Interview mit dem Fraktionschef der Grünen in Hessen Mathias Wagner

In Berlin stellten heute SPD, Grüne und FDP ihren Koalitionsvertrag für die mögliche künftige Bundesregierung vor. Wie zufrieden ist der Grünen-Fraktionsvorsitzende in Hessen, Mathias Wagner, damit?

Danach soll das Kabinett des künftigen Bundeskanzlers Olaf Scholz 15 Minister umfassen.  Nach Medienberichten soll der Grüne Robert Habeck das neugeschaffene Wirtschafts- und Klimaministerium übernehmen. FDP-Chef Christian Lindner soll Finanzminister, sein Generalsekretär Volker Wissing aus Rheinland-Pfalz Verkehrsminister und die hessische FDP-Vorsitzende Bettina Stark-Watzinger Ministerin für Bildung und Forschung werden. Alle drei Parteien können sich im Koalitionsvertrag wiederfinden, alle drei müssen aber auch Kröten schlucken.
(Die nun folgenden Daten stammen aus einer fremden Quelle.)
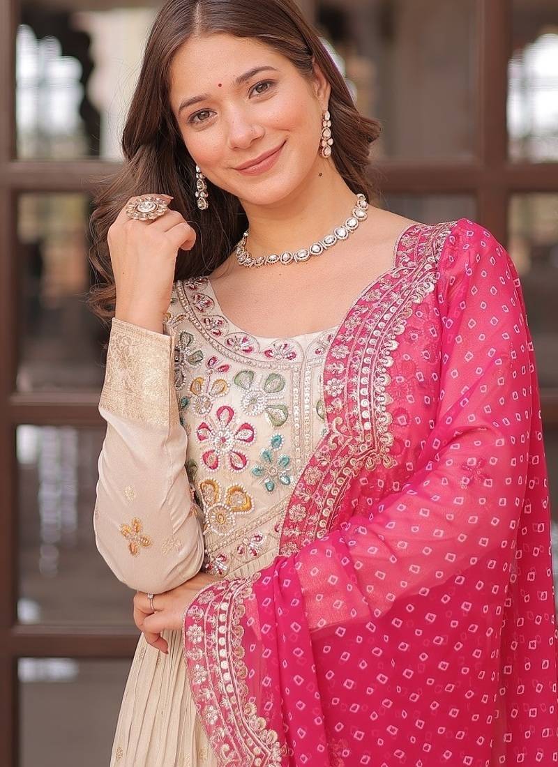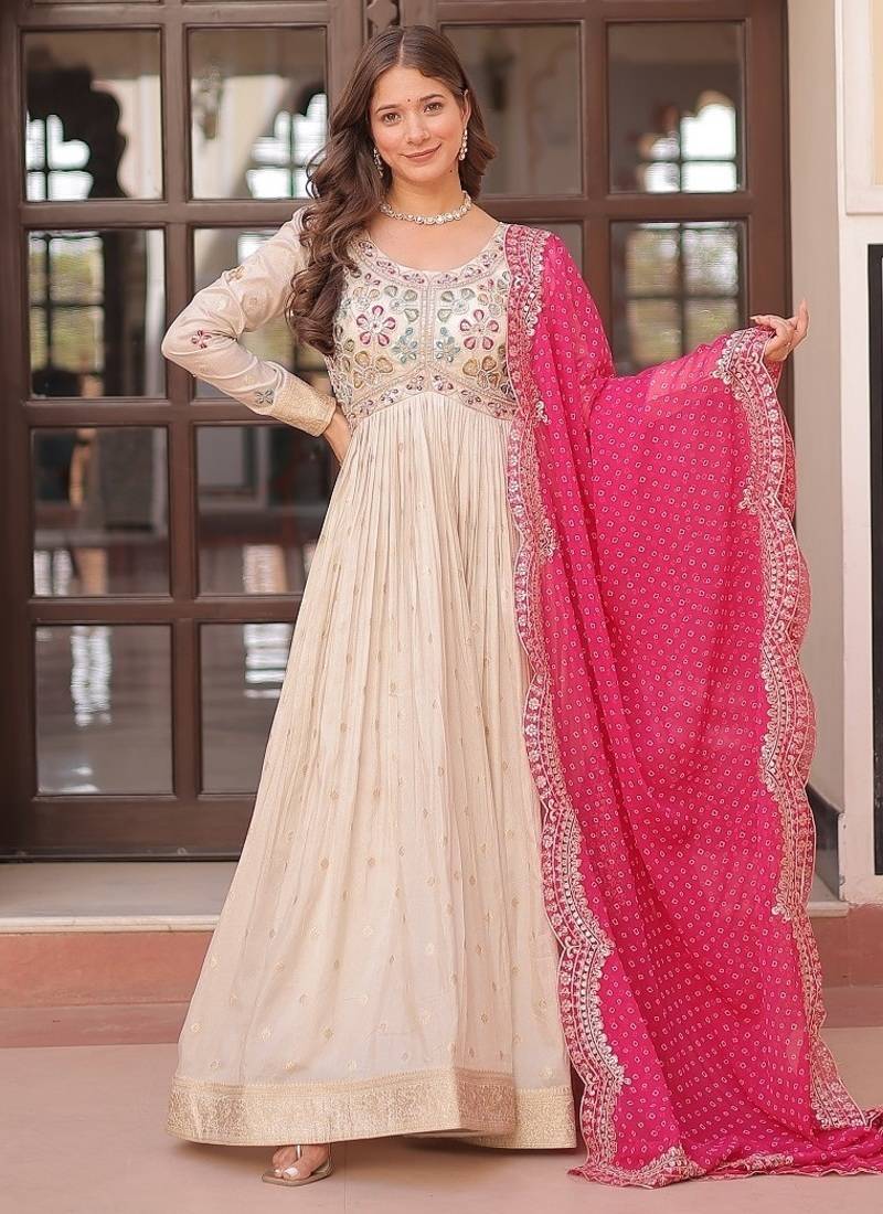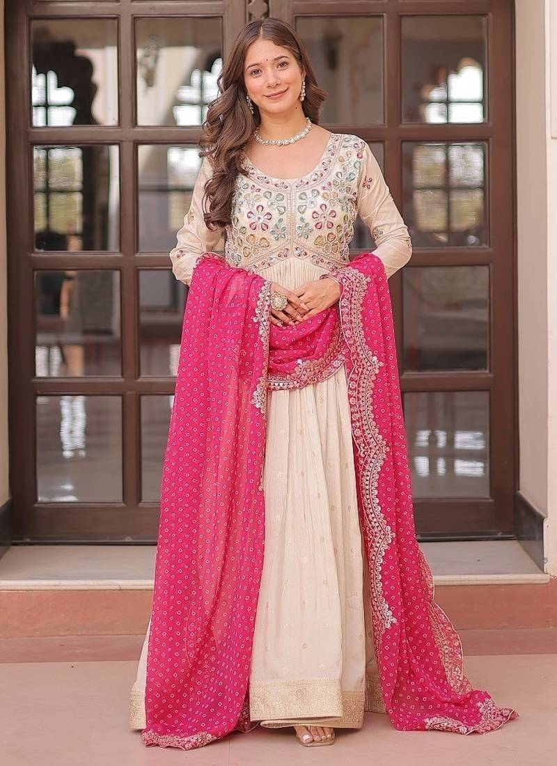 | Product Description | Experience The Allure Of Trending Cosmos Jequard Gown With Bandhani Printed Embroidered Cut Work Dupatta. Discover The Perfect Fusion Of Elegance And Grace. Shop Now For A Timeless Appearance.3 Mtr Flair Stitched With Canvas With Georgette With Bandhani Print With Embroidered Cut Work Dupatta. |

Überstürztes Handeln kann man den Ampelparteien sicher nicht vorwerfen. Nach wochenlangem Sondieren und Verhandeln treten am Nachmittag die Vertreter von SPD, Grünen und FDP vor die Presse, um die Einigung auf einen Koalitionsvertrag zu verkünden.
Olaf Scholz, SPD, Kanzlerkandidat
„Uns eint der Glaube an den Fortschritt und daran, dass Politik etwas Gutes bewirken kann. Uns eint der Wille, das Land besser zu machen, es voran zu bringen und es zusammenzuhalten. Es geht uns nicht um eine Politik des kleinsten gemeinsamen Nenners sondern um eine Politik der großen Wirkung.“
Das Thema Klimaschutz soll ein Querschnittsthema der neuen Regierung werden. Von einer neuen Dynamik beim Klima ist die Rede. Die erneuerbaren Energien aus Wind und Sonne sollen massiv ausgebaut werden, indem eine Solarpflicht eingeführt wird und zwei Prozent der Landesfläche für Windräder zur Verfügung gestellt werden. Der Ausstieg aus der Kohle könnte dann deutlich früher als geplant stattfinden – die Rede ist von 2030. Dann könnte auch das Aus für den Verbrennungsmotor kommen – zumindest bei Neuzulassungen.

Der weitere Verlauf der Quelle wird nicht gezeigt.